Christopher J. Conover is a research scholar at Duke University’s Center for Health Policy and Inequalities Research and an adjunct scholar at AEI. The charts shown are from his new book American Health Economy Illustrated, to be released in January 2012 by AEI Press. See PowerPoint version of Figure 12.1a, and Excel spreadsheet on the concentration of health spending in 2008 for data, sources, and methods.

6 thoughts on “The health spending 1 percent: Healthcare fact of the week

  1. I’m not sure what the point is here. That 1% is not a static group of people. $115,000 is the cost you might rack up with a serious medical problem. That’s why insurance exists, so that you can spread the costs of that one or two years you are in the top 1% over the many years when you are not in the 1%.

    • As I noted in my comment to Dave, you are correct that there is not a huge amount of persistence in the concentration of health spending from year to year. Insurance can help with this risk only if people opt to buy it. Many young people elect to gamble on not having health insurance. Fewer might do so if they were aware of the actual magnitude of the risk they faced. As I note in my reply to SomeGuy, it is not “obvious” that the top 1 percent would average $115K in annual spending. The chart was intended to help illuminate this point.

  2. Unless I’m missing something, this is entirely meaningless. It is very likely that in any one year that a small number of people have catastrophic healthcare issues leading to high cost care. But it is also likely that it will be someone else next year, not the same person. What this really says is procedures like quad bypass are very expensive, nothing more. And it points out the basic flaw in the whole market question: healthcare isn’t just a regular expense, but also a catastrophically high expense for a few random people at a random time, hence the need for insurance. If the point was to try to reduce the cost of the ‘high utilizers’, then you really only have one choice to reduce the cost of high cost procedures, e.g. heart bypass which runs about $150k and up. This is not something you shop for the best price on before having, no matter what your insurance situation is.

    The article makes the point that these people become uninsurable then, which is probably true, because they are likely to continue to need more care than average. But assuming it’s a new fraction of 1% every year, that leads to a population that is much larger than 1% in this category on average.

  3. I’m not sure what the point is either.
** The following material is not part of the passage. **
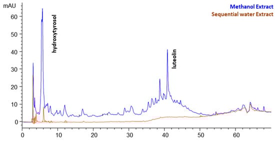 Both extracts were subjected to HPLC-DAD analyses, and Figure 1 depicts an overlay of the two chromatograms monitored at 280 nm. It can be noticed that methanol extract is a more complex mixture of components than water extract. One major compound was identified using spectral data, r.t., and finally an addition of internal standard, namely hydroxytyrosol. The second peak, with r.t = 40.8 min, presented a characteristic flavone-type UV spectrum, and it was identified as luteolin with the addition of the respective standard. In the case of water extract, hydroxytyrosol was also detected, but presented a far lower peak. Also, no new peaks are present in the water extract, just the traces of the primarily recovered compounds by methanol. Therefore, water only extracted the residual compounds of methanol extraction. According to this finding, the above reported values for water extraction could not characterize this solvent individually.

I’d guess that only a small percentage of the population — maybe 1% — is actually in need of extensive critical care in a hospital or massively expensive drugs, and by definition those are the people who are spending the most on healthcare. This chart is like saying that the healthy people spend far less on healthcare than the sick people. Well, of course they do. So what?

    Maybe if the chart had tracked healthcare spending by annual income it would’ve shown something interesting. But a chart saying that the people who spend the most on healthcare spend more on healthcare than those who spend less on healthcare really isn’t terribly enlightening.
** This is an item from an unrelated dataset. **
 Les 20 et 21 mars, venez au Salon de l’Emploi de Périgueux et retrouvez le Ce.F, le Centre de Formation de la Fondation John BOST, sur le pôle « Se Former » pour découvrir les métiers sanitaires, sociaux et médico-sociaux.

    • It may be intuitively obvious that sick people spend more than healthy people. That said, it is not “obvious” that the top 1% account for 20% of spending–as opposed to 10% or 50%. Likewise, it is not “obvious” that the top 1 percenters average $115K in spending. If their average were only $11,500, for example, then ability to pay for such care would be much less problematic than when the average is more than double the earnings of a typical American worker. What the numbers tell me is that the vast majority of families are not in a position to self-insure a risk of this magnitude. The opposite would be true were the average only $11,500.